The parties’ remaining contentions either are without merit or have been rendered academic by our determination.

Accordingly, the Supreme Court should have denied the defendants’ motion to set aside the foreclosure sale and to vacate the referee’s deed.

Dillon, J.P., Cohen, Barros and Connolly, JJ., concur.

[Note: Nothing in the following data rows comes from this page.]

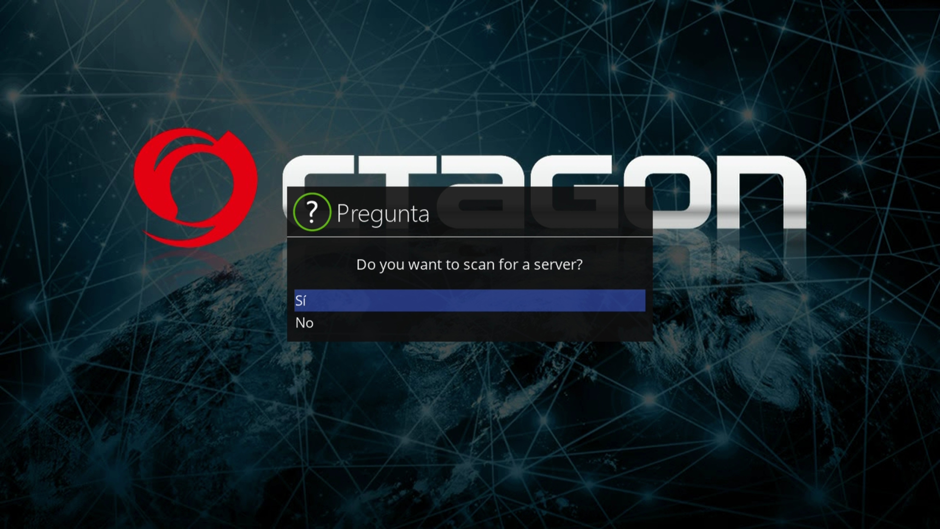 Al iniciar por primera vez nos preguntara si deseamos realizar un escaneo de redes, esto es si el receptor servidor se encuentra en la misma red que el receptor cliente, en este ejemplo que ambos receptores se hallan en la misma red pulsamos en si
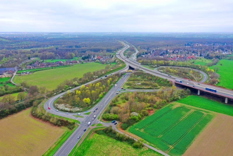 | Die Autobahnauffahrt Duisburg Baerl. Deutschland, Nordrhein-Westfalen 21.03.2024 Flug Nr. mp175 |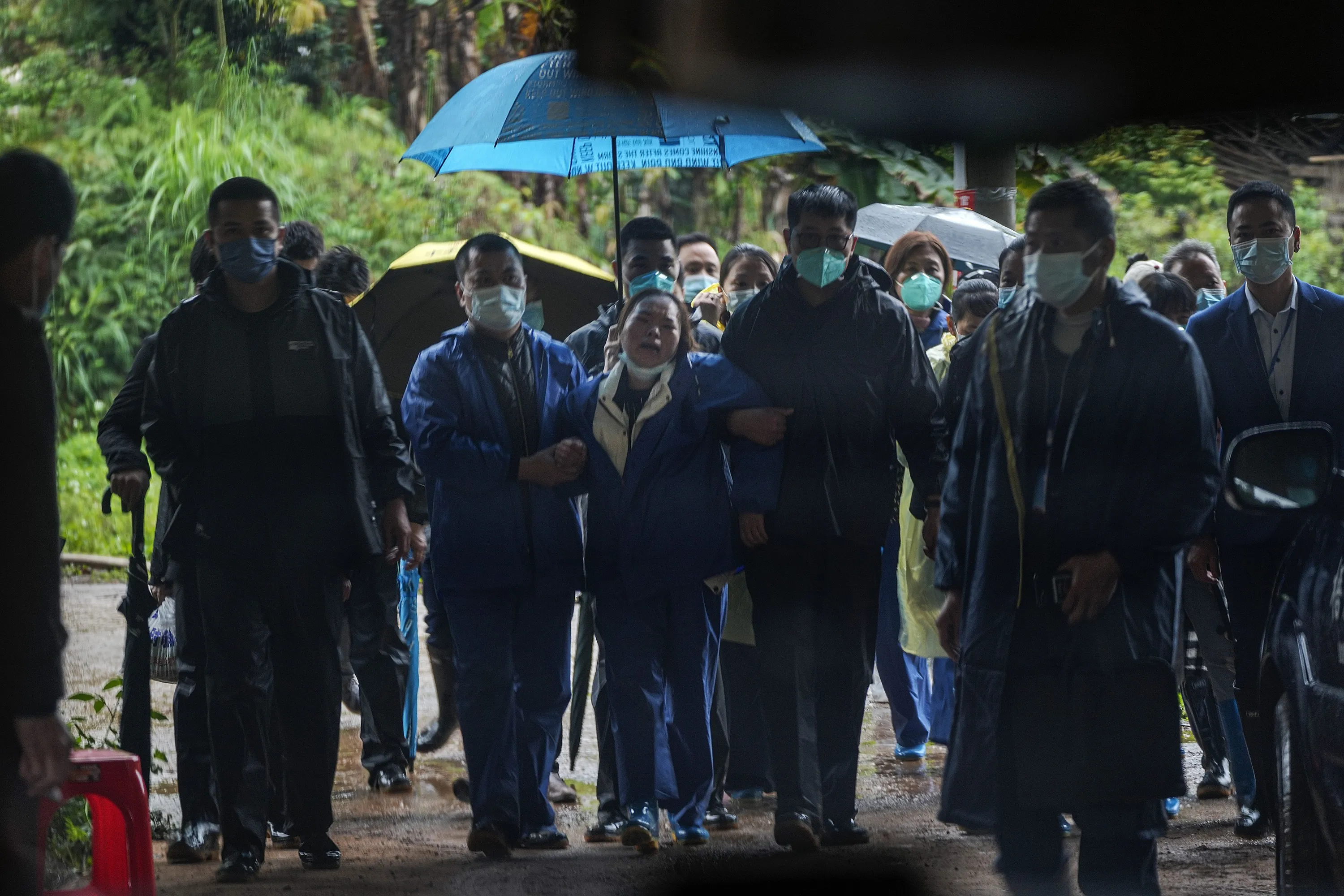 A relative of passengers onboard the China Eastern Flight 5735 cries as she is escorted near the crash site, Thursday, March 24, 2022, in Shentian village, southwestern China's Guangxi province. The search area was expanded Thursday in a “blanket search” for the second black box from a China Eastern passenger plane that crashed in southern China with 132 people on board earlier this week, state media said. (Photo by Ng Han Guan/AP Photo)
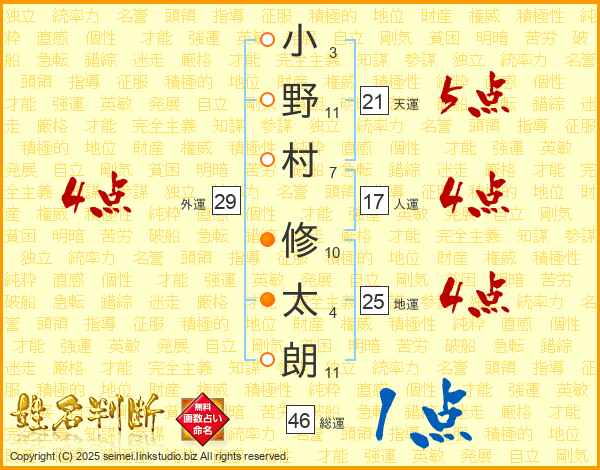 小野村修太朗さんの地運は25画の4点!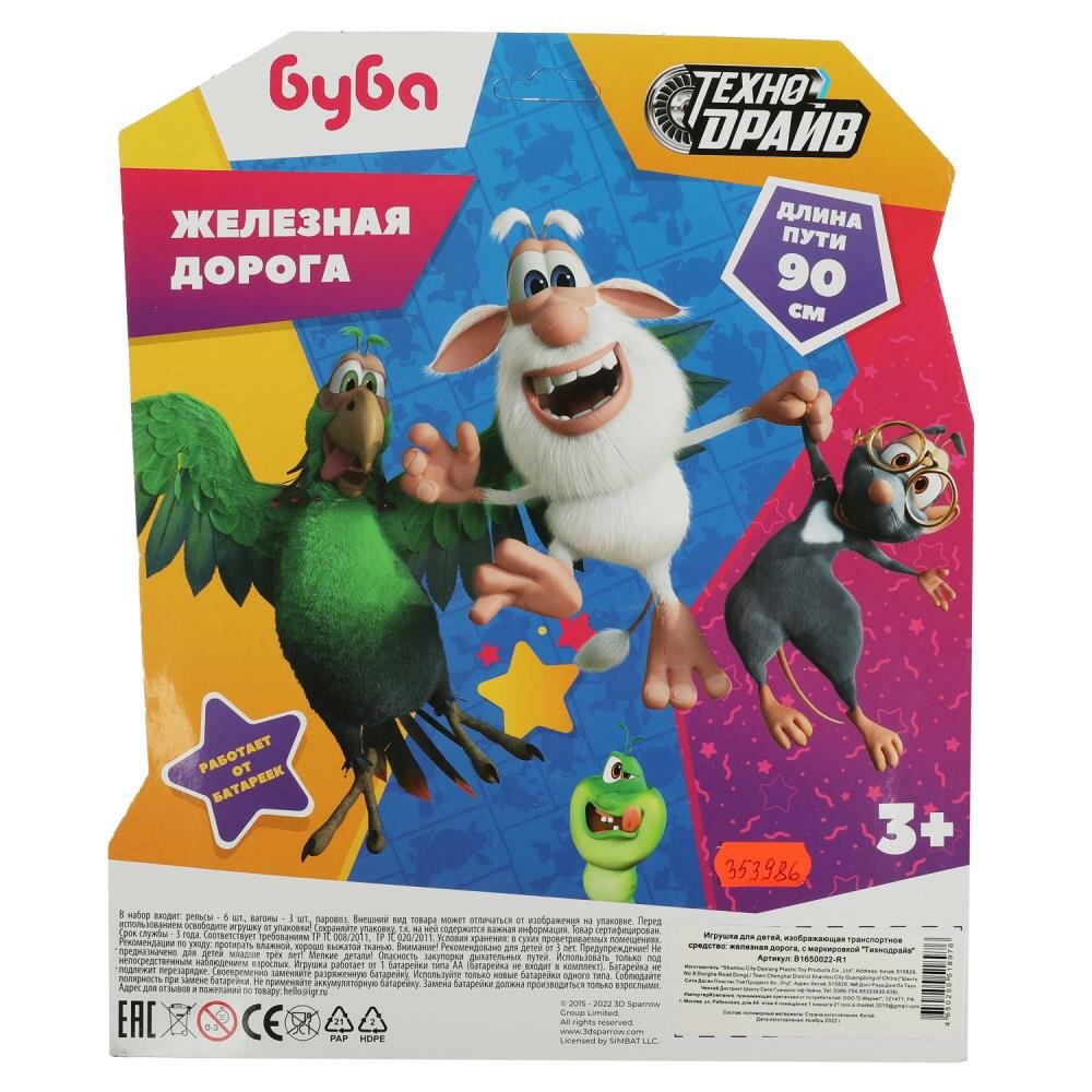 Железная дорога мультяшная Буба длина пути 90 см. Технодрайв B1650022-R1 интересное: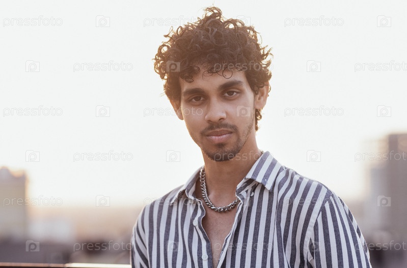 Привлекательный кудрявый парень в полосатой рубашке улыбается на заднем плане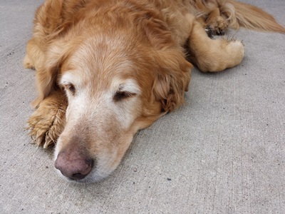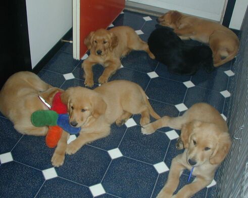 01-279 Patton - born 7/13/01. Red-gold, nice sized male who is happy all the time. Loves to come to the office with me and whines to go outside all ready. Loves to walk, even down town.
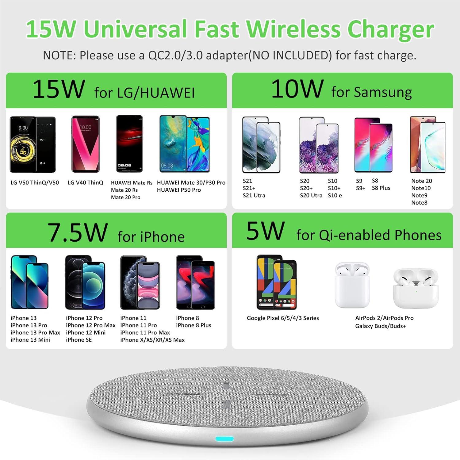 - شارژر بیسیم Evershop برای آیفون 14/13 پرو مکس/12/11/ایکس اس مکس/ایکس آر/ایکس/8 پلاس/8. پد شارژ سریع 15 واتی برای سامسونگ گلکسی S22/S21/S20/S10/S9/S8/S7، نوت 9/8/هواوی P30 پرو، ایرپاد 5 واتی برای همه گوشیهای دارای فناوری Qi

Motion by the respondents on an appeal from an order of the Supreme Court, Kings County, dated March 4, 2015, for the Court to take judicial notice of an order of the same court dated October 7, 2015. By decision and order on motion of this Court dated April 8, 2016, the motion was held in abeyance and referred to the panel of Justices hearing the appeal for determination upon the argument or submission thereof.

Upon the papers filed in support of the motion and the papers filed in opposition thereto, and upon the argument of the appeal, it is

Ordered that the motion is denied.

Dillon, J.P., Cohen, Bar-ros and Connolly, JJ., concur.